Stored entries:
((
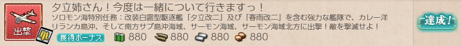 最後の【新任務】はこんな感じでした。南方海域(5-*)、それも[#5-3,#5-5]指定なのでそこそこな難易度の任務ですが旗艦指定はないので大和型とかを編成すれば何とかなると思います(。・Д・)ゞ
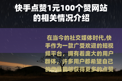 在当今的社交媒体时代,快手作为一款广受欢迎的短视频平台,拥有着庞大的用户群体,许多用户都希望自己的作品能够获得更多的点赞,以此来增加作品的热度和曝光度,而在网络上,也出现了一些声称可以提供快手点赞服务的网站,其中就有所谓的快手点赞1元100个赞的网站。
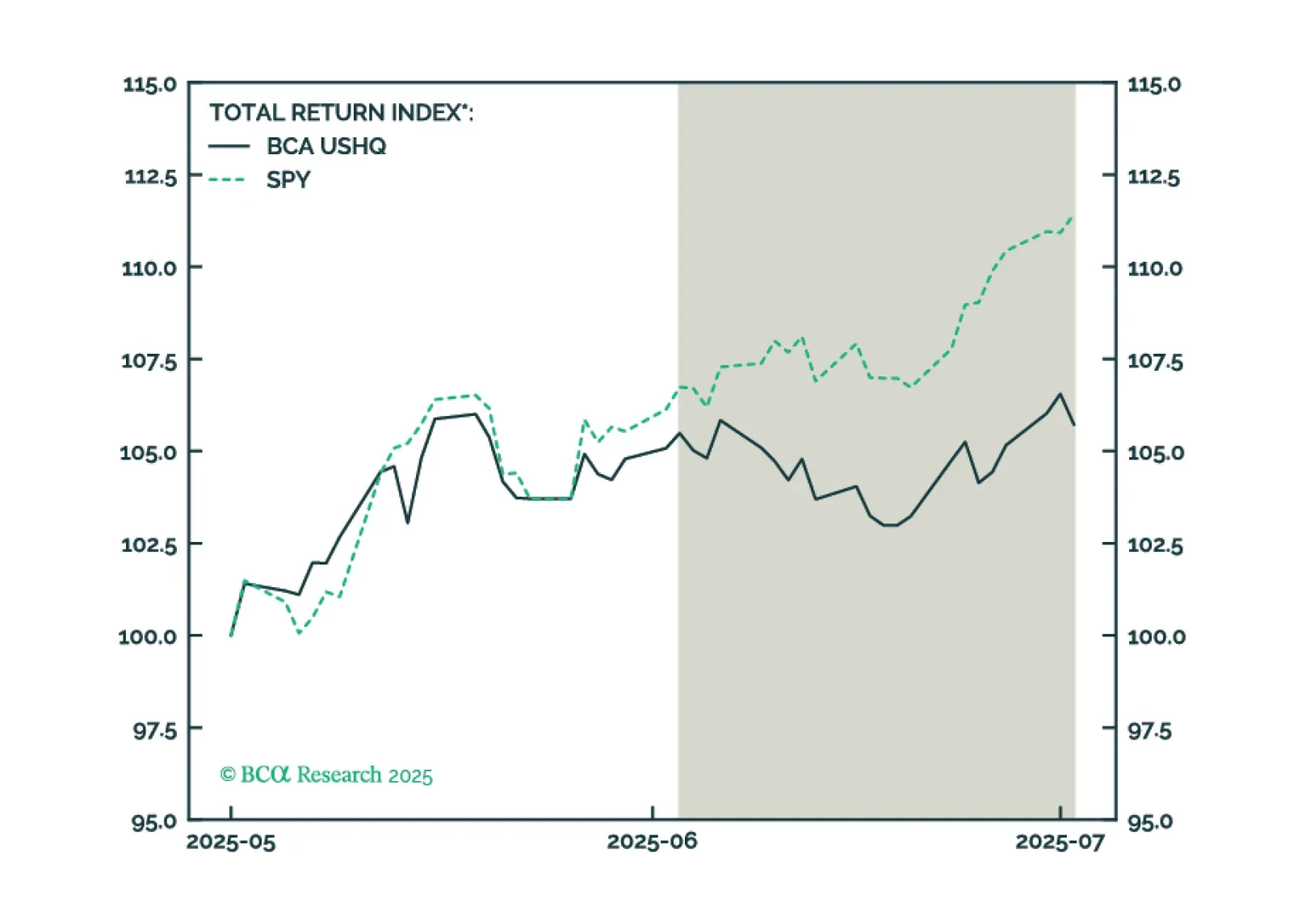 The US High Quality (USHQ) portfolio underperformed its benchmark through June, returning 1.2%, whilst its SPY benchmark returned 5.1%. On a trailing three-month basis, performance was notably weak vs. benchmark, with USHQ underperforming by approx. 600bps.
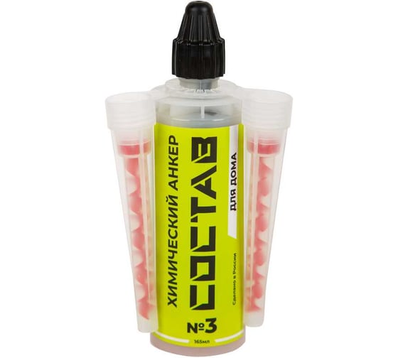 СОСТАВ №3 (165 мл) — это экономичная и удобная версия нашего популярного химического анкера, созданная специально для домашних работ, ремонта и бытовых задач. Такой объём идеально подходит рачительному хозяину: вы покупаете ровно столько состава, сколько действительно нужно, не переплачивая за излишки.
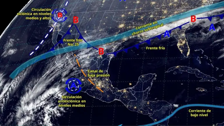 En este sentido, varios estados serán afectados significativamente debido al Frente Frío 25, el cual desencadenará heladas en el norte, alcanzando temperaturas mínimas de -15° Celsius. Además, la influencia de la incorporación ciclónica en niveles medios y altos de la atmósfera, así como las corrientes de un chorro tropical y subtropical, ocasionará heladas y fuertes vientos en zonas montañosas.
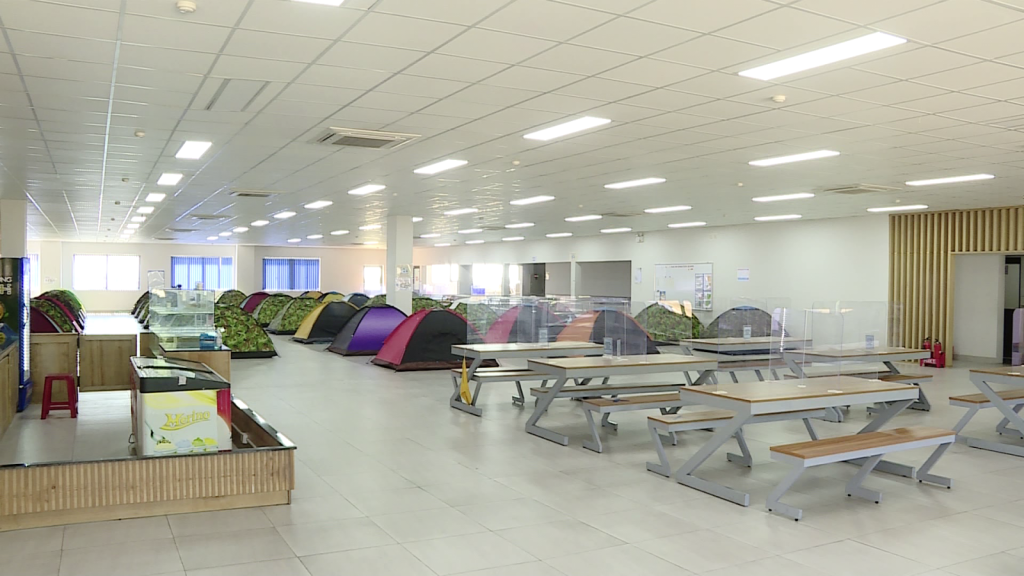 Đây là khu xưởng được công ty sản xuất linh kiện máy bay UAC bố trí riêng cho nhóm công nhân liên quan đến ca bệnh COVID-19 được phát hiện tại công ty trước đây. Thay vì phải cách ly tại nhà, công ty mất nhân lực sản xuất, công nhân mất thu nhập, phương án 3 tại chỗ đã được thực hiện, nhóm công nhân được bố trí ăn tại chỗ, ngủ tại chỗ và sản xuất tại chỗ.
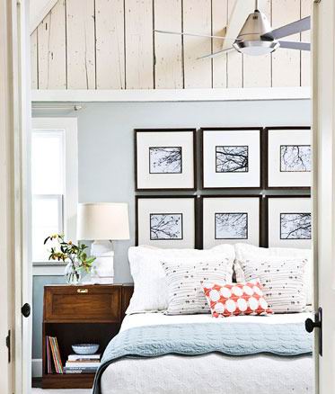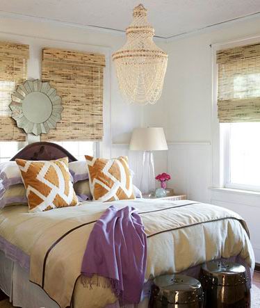 臥室以一片純凈的白色作為空間基調(diào),睡床上或大面積的黃色被單,或小范圍的紫色披毯點(diǎn)綴,兩種清淺色調(diào)的適度對(duì)比運(yùn)用讓整個(gè)臥室顯得浪漫而旖旎。若是夏天看著這樣的臥室沉沉睡去,定能為你編織一個(gè)如夢(mèng)如幻的意境。 清爽的藍(lán)白色臥室里,多線形的圖案與浪漫元素的相互結(jié)合,營(yíng)造出舒適的空間氛圍。出彩的床品設(shè)計(jì)搭配獨(dú)特的色彩,打造出驚艷效果。 |
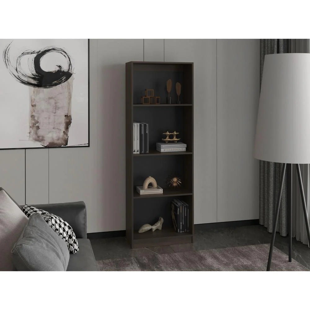 Biblioteca, con cuatro entrepaños para ubicar libros y elementos decorativos.
))
**TASK DIRECTIONS:** Only the lines from the start of the records to the line with "在当今的社交媒体时代,快手作" belong in the copy. Print them exactly, minus pictures.

**PROBLEM SOLUTION:**
 最後の【新任務】はこんな感じでした。南方海域(5-*)、それも[#5-3,#5-5]指定なのでそこそこな難易度の任務ですが旗艦指定はないので大和型とかを編成すれば何とかなると思います(。・Д・)ゞ
 在当今的社交媒体时代,快手作为一款广受欢迎的短视频平台,拥有着庞大的用户群体,许多用户都希望自己的作品能够获得更多的点赞,以此来增加作品的热度和曝光度,而在网络上,也出现了一些声称可以提供快手点赞服务的网站,其中就有所谓的快手点赞1元100个赞的网站。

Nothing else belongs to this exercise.